EXERCISE MATERIAL:

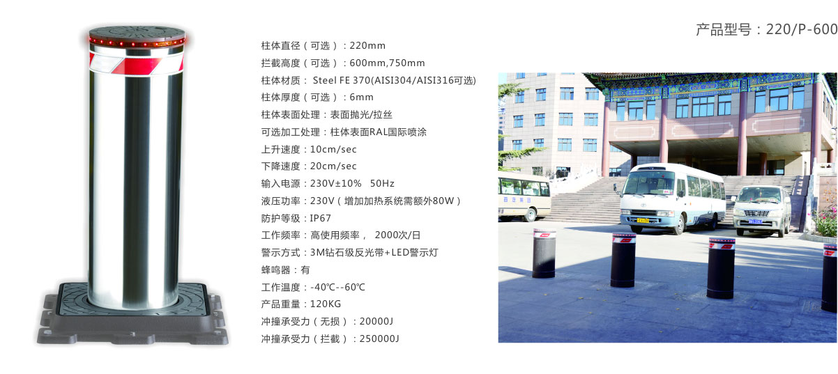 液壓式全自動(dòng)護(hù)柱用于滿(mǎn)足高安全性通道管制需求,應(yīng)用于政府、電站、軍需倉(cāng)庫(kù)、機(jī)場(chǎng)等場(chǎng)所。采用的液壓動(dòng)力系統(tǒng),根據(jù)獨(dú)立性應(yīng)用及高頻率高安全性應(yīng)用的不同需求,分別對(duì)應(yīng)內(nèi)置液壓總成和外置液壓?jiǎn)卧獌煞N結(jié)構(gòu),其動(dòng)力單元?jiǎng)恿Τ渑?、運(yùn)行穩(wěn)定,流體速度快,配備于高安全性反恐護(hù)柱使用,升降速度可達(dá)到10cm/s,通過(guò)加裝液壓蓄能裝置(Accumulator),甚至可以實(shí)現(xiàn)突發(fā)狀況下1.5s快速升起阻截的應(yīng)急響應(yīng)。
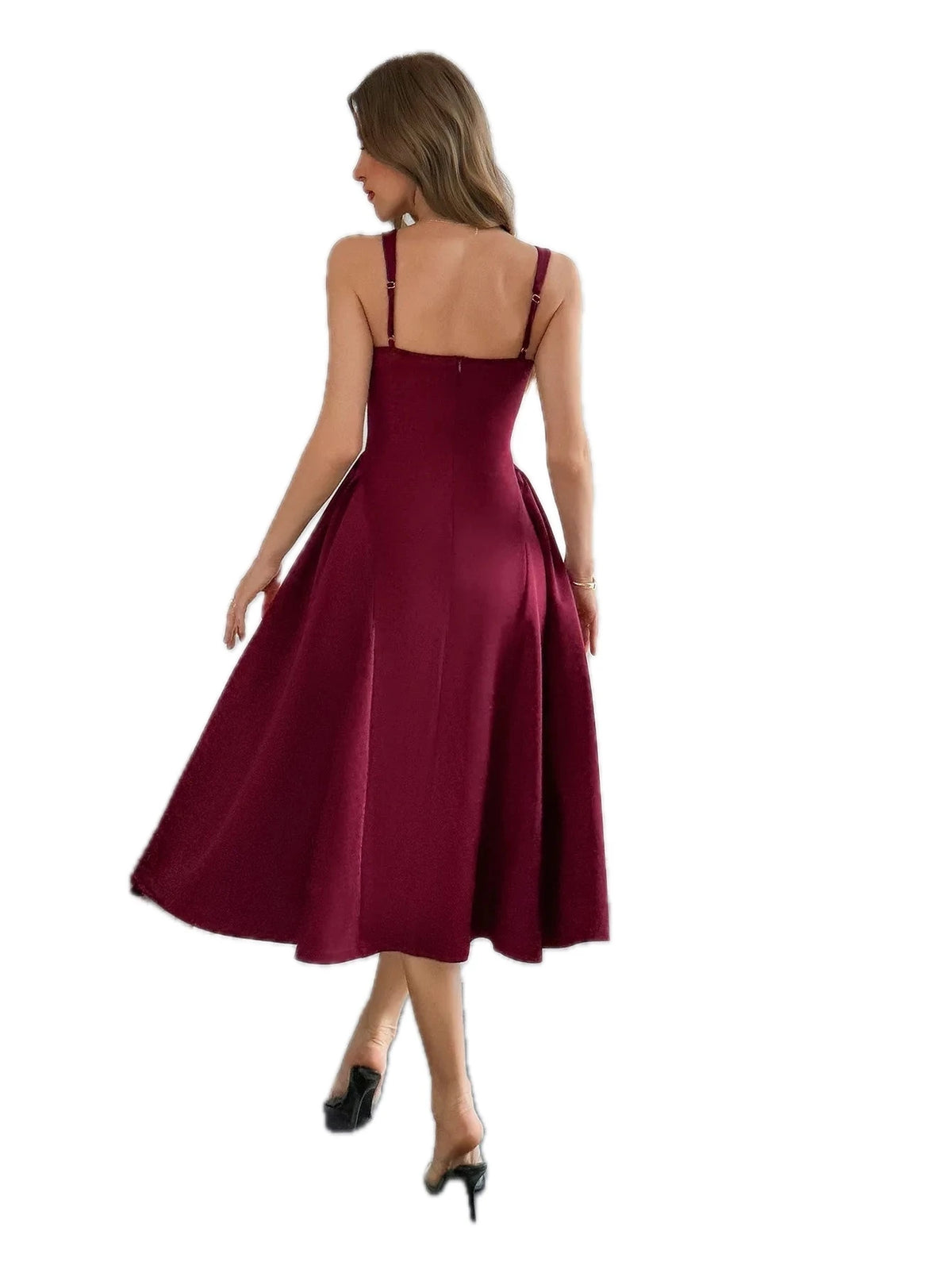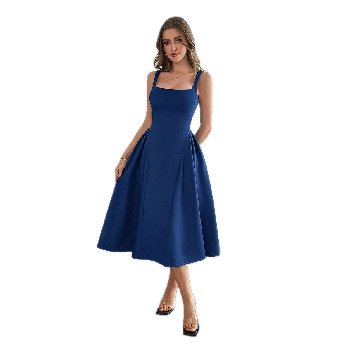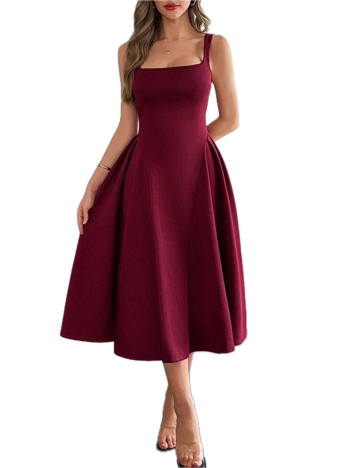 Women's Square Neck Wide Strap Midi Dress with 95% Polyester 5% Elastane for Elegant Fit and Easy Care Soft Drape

--

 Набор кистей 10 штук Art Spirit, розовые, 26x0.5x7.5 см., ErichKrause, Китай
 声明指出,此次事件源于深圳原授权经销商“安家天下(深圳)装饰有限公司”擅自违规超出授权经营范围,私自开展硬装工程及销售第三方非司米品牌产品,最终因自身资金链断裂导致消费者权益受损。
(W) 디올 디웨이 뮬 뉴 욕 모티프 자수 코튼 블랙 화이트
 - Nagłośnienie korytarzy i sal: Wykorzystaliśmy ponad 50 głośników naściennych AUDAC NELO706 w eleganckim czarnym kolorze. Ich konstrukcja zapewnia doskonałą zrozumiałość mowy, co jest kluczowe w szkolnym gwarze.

WHAT TO WORK ON: Reproduce exactly, and only, the part of the listing above that begins at the line with "Набор кистей 10" and goes on through the line with "- Nagłośnienie korytarzy".

EXERCISE SOLUTION:
 Набор кистей 10 штук Art Spirit, розовые, 26x0.5x7.5 см., ErichKrause, Китай
 声明指出,此次事件源于深圳原授权经销商“安家天下(深圳)装饰有限公司”擅自违规超出授权经营范围,私自开展硬装工程及销售第三方非司米品牌产品,最终因自身资金链断裂导致消费者权益受损。
(W) 디올 디웨이 뮬 뉴 욕 모티프 자수 코튼 블랙 화이트
 - Nagłośnienie korytarzy i sal: Wykorzystaliśmy ponad 50 głośników naściennych AUDAC NELO706 w eleganckim czarnym kolorze. Ich konstrukcja zapewnia doskonałą zrozumiałość mowy, co jest kluczowe w szkolnym gwarze.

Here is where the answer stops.